Background:
According to Phillip Zimbardo,”What happens when you put good people in an evil place? Does humanity win over evil, or does evil triumph?” These are some of the questions posed in the Zimbardo Prison Experiment conducted at Standford University in 1971.
The Zimbardo Prison Experiment was conducted to examine the roles people play in prison situations, Zimbardo converted a basement of the Stanford University psychology building into a mock prison. He advertised for students to play the roles of prisoners and guards for two weeks.
More than 70 applicants answered the ad and were given diagnostic interviews and personality tests to eliminate candidates with psychological problems, medical disabilities, or a history of crime or drug abuse. The study comprised 24 male college students (chosen from 75 volunteers) who were paid $15 per day to take part in the experiment. Prisoners were treated like every other criminal, being arrested at their own homes, without warning, and taken to the local police station. They were fingerprinted, photographed and booked. Then they were blindfolded and driven to the psychology department of Stanford University, where Zimbardo had had the basement set out as a prison, with barred doors and windows, bare walls and small cells. Within hours of beginning the experiment some guards began to harass prisoners. They behaved in a brutal and sadistic manner, apparently enjoying it.
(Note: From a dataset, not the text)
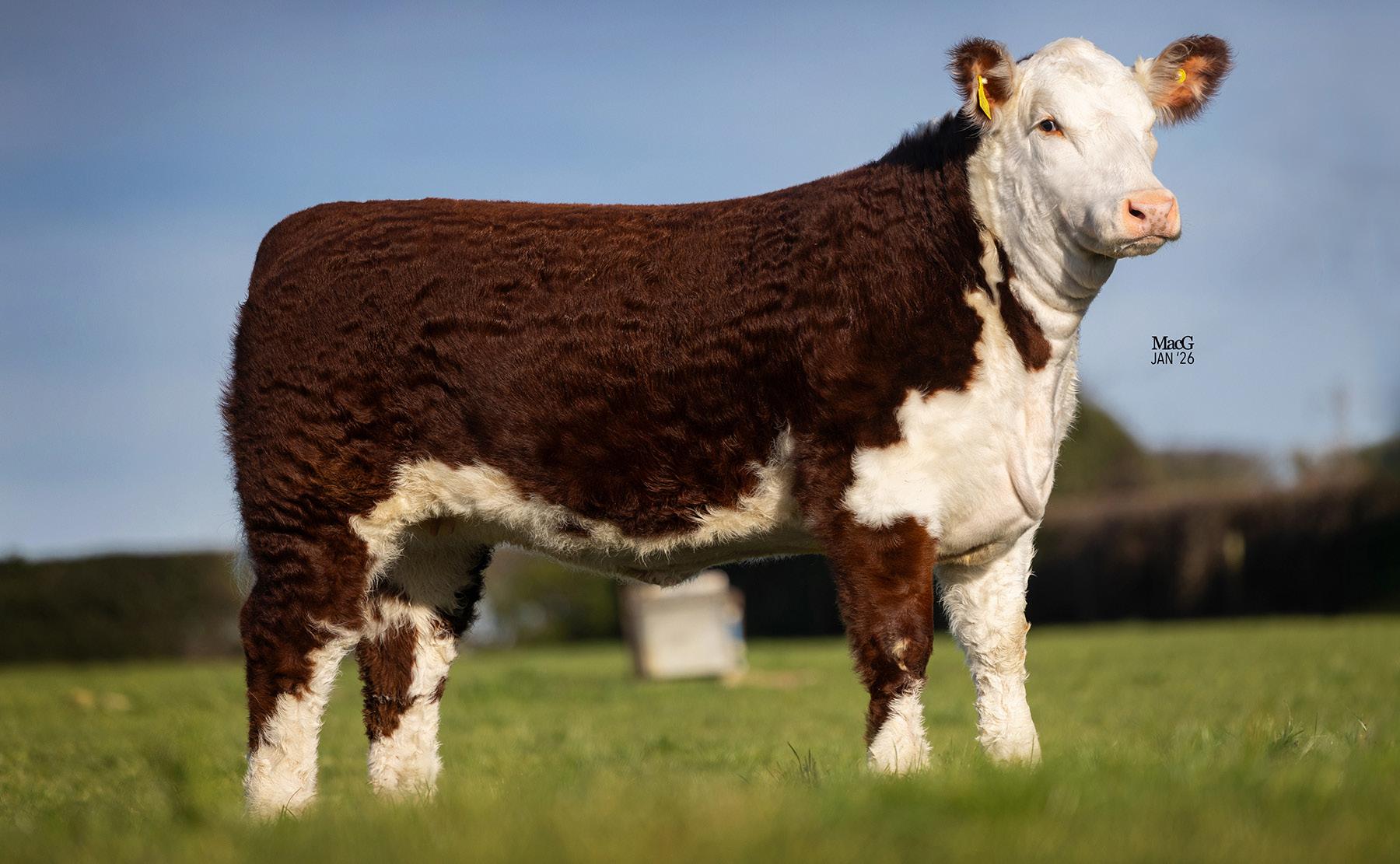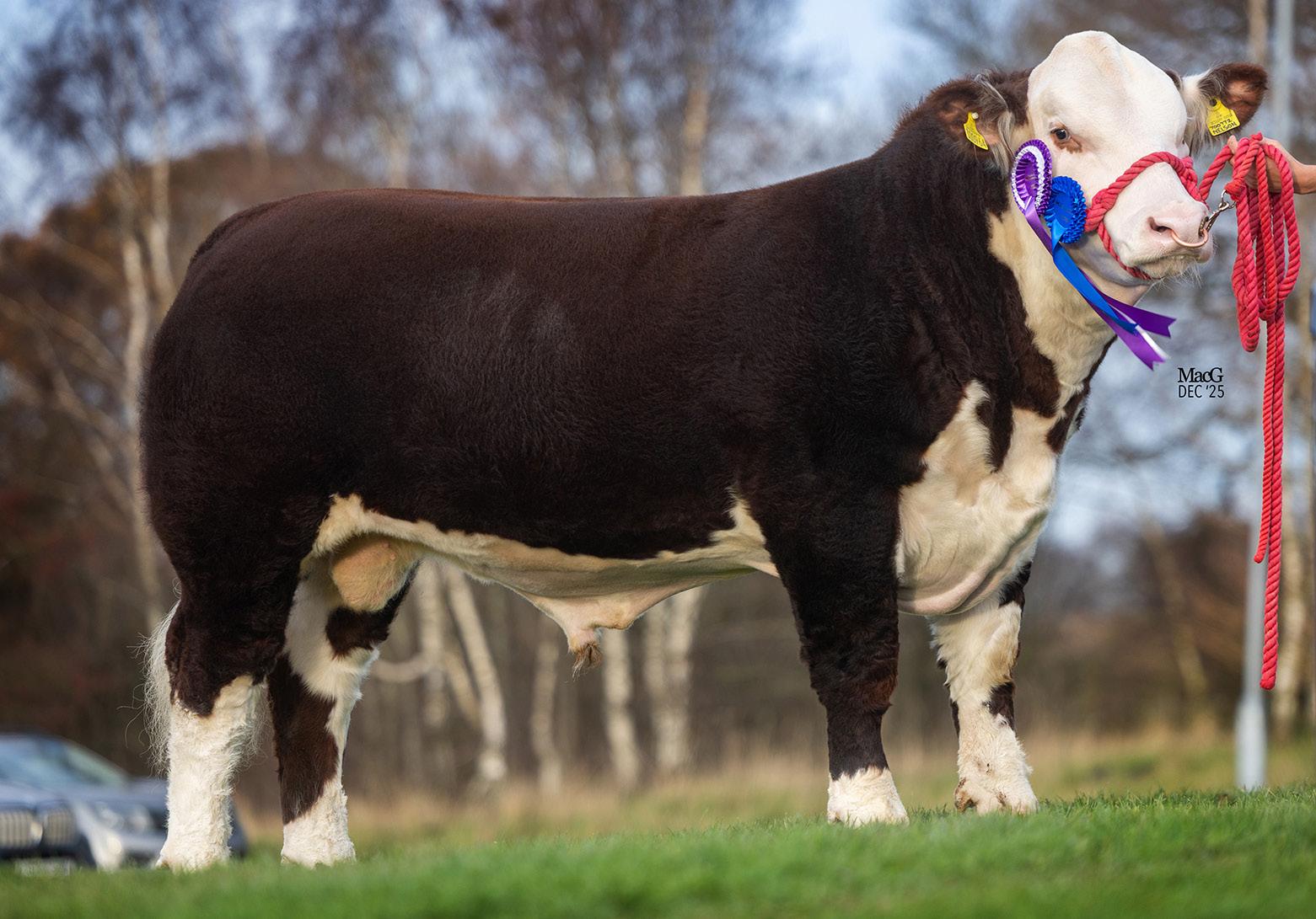 Chuckles is a thickset well-marked, dark-coloured young bull with great locomotion. His temperament is second to none having been successfully shown in 2025 by an 11-year-old, his highlight being placed 1st in his class at the National Poll Show. With a packed pedigree behind him, Chuckles would be well worth a look. Eligible for retest.

Zimbardo concluded people will readily conform to the social roles they are expected to play, especially if the roles are as strongly stereotyped as those of the prison guards (McLeod, 2016).
The Zimbardo Prison Experiment and the Milgram Experiment of 1963 demonstrate that human beings, on the one hand, tend to take on the roles that they are assigned and even change their personality to do so, and, on the other hand, tend to obey authority even when such seems to be the wrong thing to do.
The ethical implications of these studies demonstrate how the real, or perceived, idea of authority can impact our morals and ethical behavior.
There are numerous historical examples including the National Socialist Movement seen in Germany in the first first half of the 20th century and more recently in the horrors of Abu Ghraib.
What became known as “the Abu Ghraib Scandal” came to public attention in 2003 when Amnesty International (AI) published reports of human rights abuses by the U.S. military and its coalition partners at detention centers and prisons in Iraq. These included reports of brutal treatment of detainees at Abu Ghraib prison. In 2003, the Associate Press released a special report on such alleged abuses. The report described horrible abuse of the prisoners at the hands of their American captors: “They confined us like sheep,” the newly freed Saad Naif, 38, said of the Americans.” They hit people. They humiliated people” (Hersh, 2004).
The lack of ethical conduct by several members of the United States military begs to question, if personnel thought certain acts conducted at Abu Ghraib were “morally wrong,” why did they conduct such actions and dehumanize detainees? Did authority instruct them it was ok to do so?